» Records shown
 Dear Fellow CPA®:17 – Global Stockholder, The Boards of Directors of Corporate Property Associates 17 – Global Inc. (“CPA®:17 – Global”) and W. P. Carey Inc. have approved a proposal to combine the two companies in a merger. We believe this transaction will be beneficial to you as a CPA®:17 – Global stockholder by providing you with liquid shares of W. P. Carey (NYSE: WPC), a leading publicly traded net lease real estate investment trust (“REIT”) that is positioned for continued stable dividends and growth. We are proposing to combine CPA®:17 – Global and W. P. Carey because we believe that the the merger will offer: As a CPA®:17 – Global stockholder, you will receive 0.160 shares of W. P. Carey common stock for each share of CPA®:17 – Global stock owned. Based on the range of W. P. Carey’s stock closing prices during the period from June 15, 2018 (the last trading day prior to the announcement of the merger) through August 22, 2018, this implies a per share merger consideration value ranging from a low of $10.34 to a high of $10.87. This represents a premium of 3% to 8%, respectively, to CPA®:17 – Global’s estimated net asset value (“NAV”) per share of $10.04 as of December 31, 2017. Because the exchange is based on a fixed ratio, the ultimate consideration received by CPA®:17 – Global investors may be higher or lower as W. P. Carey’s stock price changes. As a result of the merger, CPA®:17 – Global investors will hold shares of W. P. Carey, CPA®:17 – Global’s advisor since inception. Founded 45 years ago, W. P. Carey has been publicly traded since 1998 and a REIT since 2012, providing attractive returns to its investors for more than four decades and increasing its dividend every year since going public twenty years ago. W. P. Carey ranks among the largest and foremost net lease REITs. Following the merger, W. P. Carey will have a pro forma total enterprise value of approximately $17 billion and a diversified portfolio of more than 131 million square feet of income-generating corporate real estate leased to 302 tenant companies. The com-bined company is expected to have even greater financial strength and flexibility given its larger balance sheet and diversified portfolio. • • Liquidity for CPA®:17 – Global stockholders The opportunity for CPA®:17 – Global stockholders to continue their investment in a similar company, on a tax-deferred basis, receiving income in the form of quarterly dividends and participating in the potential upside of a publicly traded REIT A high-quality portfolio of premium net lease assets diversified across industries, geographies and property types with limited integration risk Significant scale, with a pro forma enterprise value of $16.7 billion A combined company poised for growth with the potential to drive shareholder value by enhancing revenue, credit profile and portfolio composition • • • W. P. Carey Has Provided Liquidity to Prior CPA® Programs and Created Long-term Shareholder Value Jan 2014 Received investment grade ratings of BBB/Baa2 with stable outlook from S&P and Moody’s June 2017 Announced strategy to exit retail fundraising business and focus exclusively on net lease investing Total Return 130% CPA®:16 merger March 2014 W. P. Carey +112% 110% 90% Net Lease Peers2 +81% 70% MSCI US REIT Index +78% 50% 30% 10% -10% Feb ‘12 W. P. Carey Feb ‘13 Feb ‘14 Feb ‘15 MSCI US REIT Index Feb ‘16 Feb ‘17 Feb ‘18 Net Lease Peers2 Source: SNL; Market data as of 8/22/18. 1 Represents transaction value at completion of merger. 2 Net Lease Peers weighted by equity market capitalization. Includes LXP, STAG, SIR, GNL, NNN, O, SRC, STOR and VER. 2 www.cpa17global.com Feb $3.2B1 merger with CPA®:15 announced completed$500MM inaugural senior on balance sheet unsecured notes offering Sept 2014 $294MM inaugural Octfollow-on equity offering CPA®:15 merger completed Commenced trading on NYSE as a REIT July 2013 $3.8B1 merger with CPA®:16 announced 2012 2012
* * *
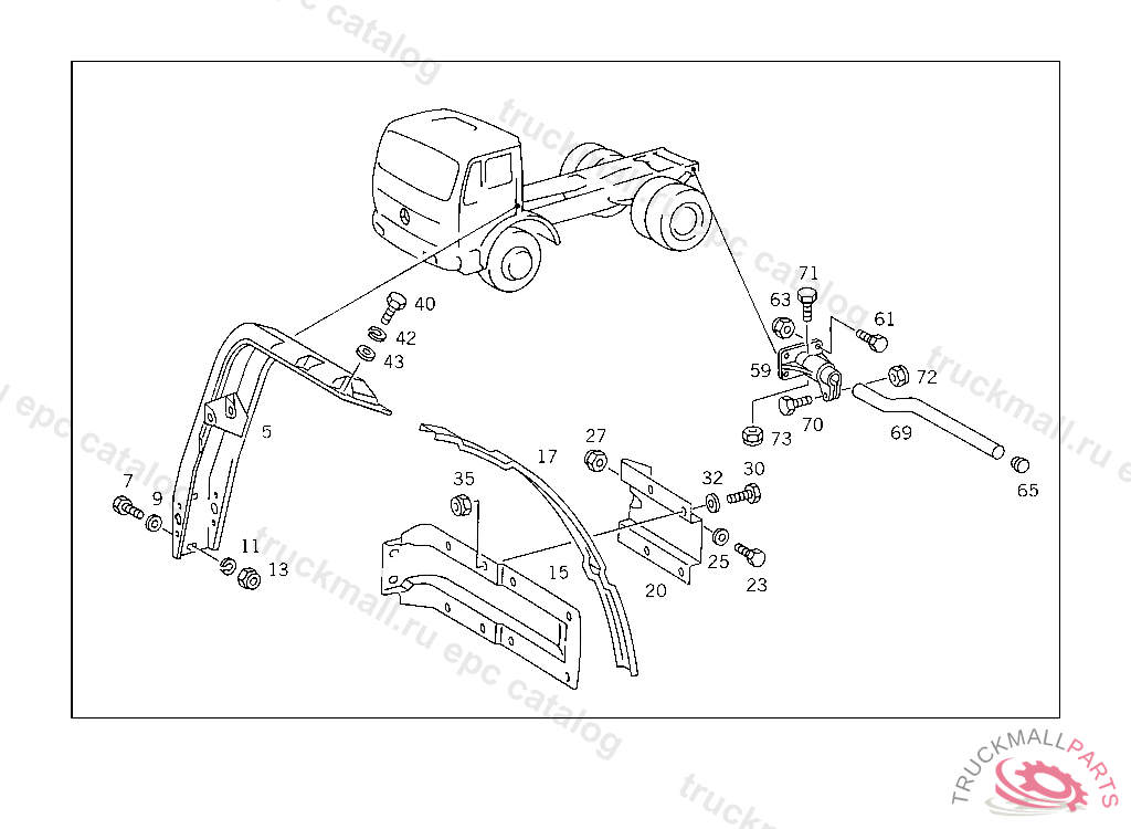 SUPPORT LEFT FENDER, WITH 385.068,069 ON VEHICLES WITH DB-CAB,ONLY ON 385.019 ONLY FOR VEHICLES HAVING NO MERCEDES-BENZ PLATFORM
==
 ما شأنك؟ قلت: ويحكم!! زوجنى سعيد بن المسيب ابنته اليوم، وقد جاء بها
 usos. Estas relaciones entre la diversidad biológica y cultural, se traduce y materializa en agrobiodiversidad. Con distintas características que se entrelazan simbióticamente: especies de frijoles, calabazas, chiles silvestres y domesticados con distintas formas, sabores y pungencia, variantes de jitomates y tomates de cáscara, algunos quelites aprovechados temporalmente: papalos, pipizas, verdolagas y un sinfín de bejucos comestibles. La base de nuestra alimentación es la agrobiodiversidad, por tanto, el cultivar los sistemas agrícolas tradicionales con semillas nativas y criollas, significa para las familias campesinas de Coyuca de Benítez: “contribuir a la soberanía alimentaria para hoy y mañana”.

» Problem
Look above for the line with "ما شأنك؟ قلت: ويحكم!!" and the line with "usos. Estas relaciones", and reproduce exactly those two lines plus every line between, nothing more.

» Task answer
 ما شأنك؟ قلت: ويحكم!! زوجنى سعيد بن المسيب ابنته اليوم، وقد جاء بها
 usos. Estas relaciones entre la diversidad biológica y cultural, se traduce y materializa en agrobiodiversidad. Con distintas características que se entrelazan simbióticamente: especies de frijoles, calabazas, chiles silvestres y domesticados con distintas formas, sabores y pungencia, variantes de jitomates y tomates de cáscara, algunos quelites aprovechados temporalmente: papalos, pipizas, verdolagas y un sinfín de bejucos comestibles. La base de nuestra alimentación es la agrobiodiversidad, por tanto, el cultivar los sistemas agrícolas tradicionales con semillas nativas y criollas, significa para las familias campesinas de Coyuca de Benítez: “contribuir a la soberanía alimentaria para hoy y mañana”.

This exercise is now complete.